Eu sustentei. Você também. E naquele momento, parecia que algo gritava dentro de mim: Ela não vai te beijar, Karine. Mas quer. Tanto quanto você quer.
Então eu lembrei que você mesma tinha dito que eu podia te beijar quando quisesse. E adivinha? Eu quis.
Me inclinei devagar. Te beijei. E você me puxou pela nuca, quase me colocando em cima de você. O mundo parou, o filme sumiu. Ficou só o gosto da sua boca, a sua urgência encaixando na minha. Era como se o tempo tivesse esperado por esse exato segundo. Como se nossos corpos dissessem "enfim".
Mas a gente ainda estava em público. No cinema. E mesmo com esse detalhe insignificante chamado "decência", eu confesso: se você me puxasse mais um pouco, eu não prometo que teria te impedido.
Eu só parei porque meus dentes passaram pela sua língua, e eu fiquei rindo envergonhada por um segundo — senti que “quebrei o clima”. Você chegou a perguntar se a gente devia sair do cinema. Mas eu te lembrei que você ainda não tinha visto o filme. E no fundo, eu também sabia que, se a gente saísse… não teria mais controle nenhum.
Ficamos ali. Abraçadas. Você continuava com a mão na minha perna. Eu com os dedos entrelaçados aos seus. E, por dentro, eu queria estar com a boca no seu pescoço, a mão sob sua blusa, o corpo colado no seu. Mas me contive.
Teve um momento que eu senti frio. E você me deu sua jaqueta — aquela que ficou gigante em mim. E mesmo assim, eu ainda tremia. Só que não era mais só por causa do ar-condicionado. Era por estar perto de você e querer muito mais do que poderia pedir naquele instante.
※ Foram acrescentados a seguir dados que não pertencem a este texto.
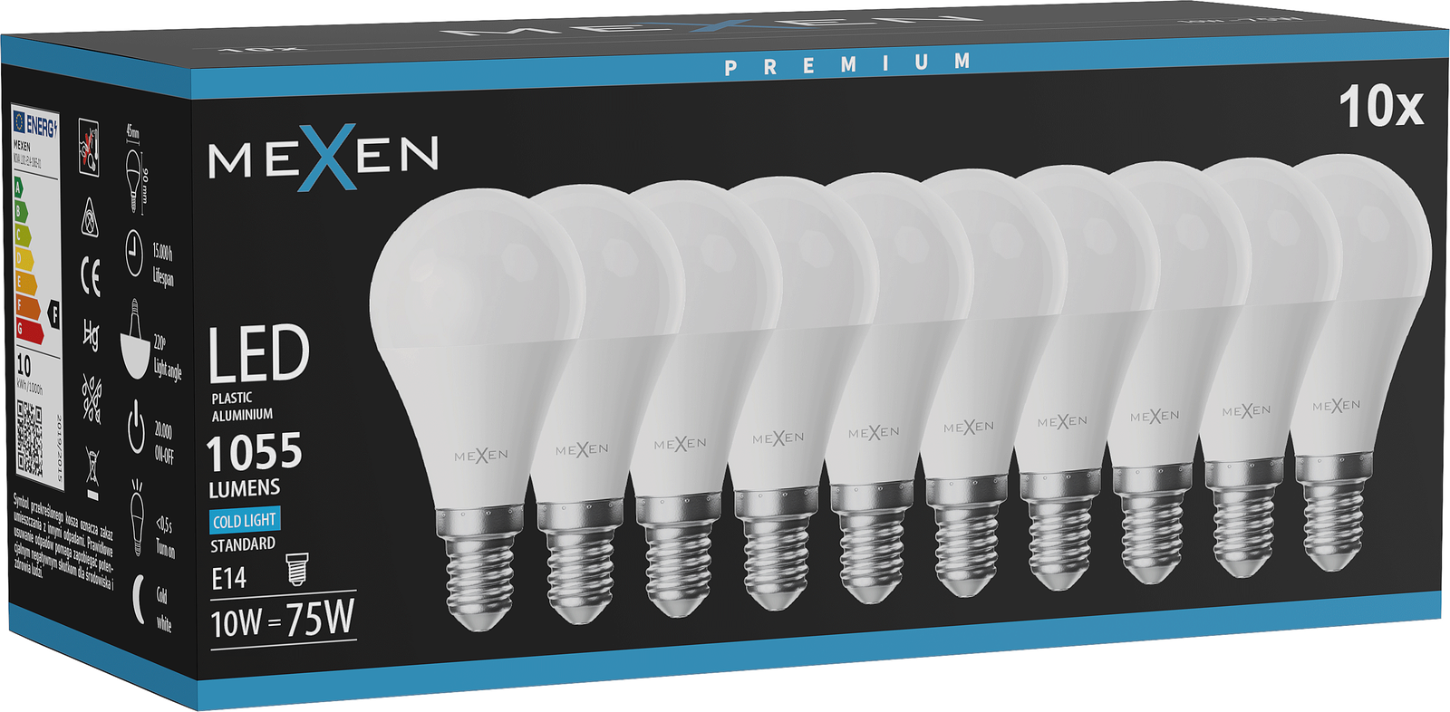 Mexen Nova 10x Ampoule LED E14, G45, 10W, Froid - 6500K, 1055 lm - L101-E14-1065-01x10

Quando fomos embora, na estação esperando nosso trem, estávamos coladas. Eu te envolvia pelo pescoço, e minhas mãos estavam geladas. Talvez porque, ao invés de colocá-las sob sua jaqueta, eu escolhi deixá-las expostas ao frio — enquanto meu corpo, ali grudado no seu, já estava mais quente do que deveria.
Você não apenas me aquece como me dá calor, sabia?
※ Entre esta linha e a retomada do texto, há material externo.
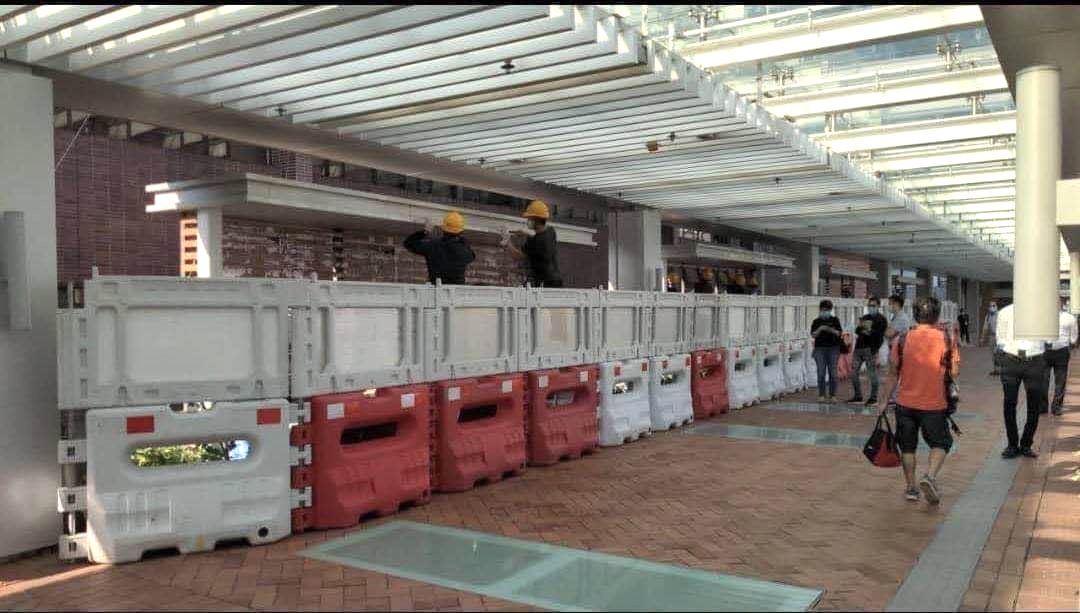 「連儂牆」已被清理,現場以水馬及屏風圍封。

E agora, eu não sei se é vício ou só saudade — mas eu estou com a sensação de que, se eu te beijar mais uma vez, não vou conseguir parar. E olha que eu sou a Karine. Aquela que provoca, que segura as rédeas, que sabe brincar com o limite. Mas com você… eu fico na beira dele. O tempo todo.
E quer saber? Eu tô louca pra ultrapassar.
Porque aquela conversa no meio da madrugada ainda ecoa aqui. Quando você disse que estava com vontade de mim. Que ficava arrepiada, que fazia carinho por um motivo. Que meu cabelo cacheado era uma tentação. Que queria me puxar pela nuca. Que pensava em mim demais — e ficava com calor só de imaginar.
E eu, Karine, aquela que prometeu dormir 100% vestida pra você ficar bem… confesso que menti.
Porque agora, cada vez que você diz que vai tentar manter a sanidade, eu penso em novas formas de te fazer perder o juízo.
E o mais engraçado? É que a parte mais perigosa disso tudo…
A verdade é que a gente já estava tentando se encontrar muito antes de dar certo. No meio de aplicativo, trens que paravam no meio do caminho e mensagens trocadas entre distrações, o caos da cidade quase nos atrapalhou. Quase. Porque, mesmo com desencontros, olhares perdidos e palavras não ditas, o universo nos empurrou pro mesmo vagão — e, enfim, nos reconhecemos.
Quando finalmente conseguimos entrar no mesmo trem, eu subi em um dos primeiros vagões e fui andando... um por um. Na minha cabeça, era minha obrigação te reconhecer. Eu precisava te reconhecer. Você era a mocinha com quem eu tive uma conexão absurda, uma química instantânea — e que, confesso, já tinha me deixado um pouco desnorteada desde o primeiro “oi”, ou talvez até antes disso, a sargitariana com o olhar sensual haha.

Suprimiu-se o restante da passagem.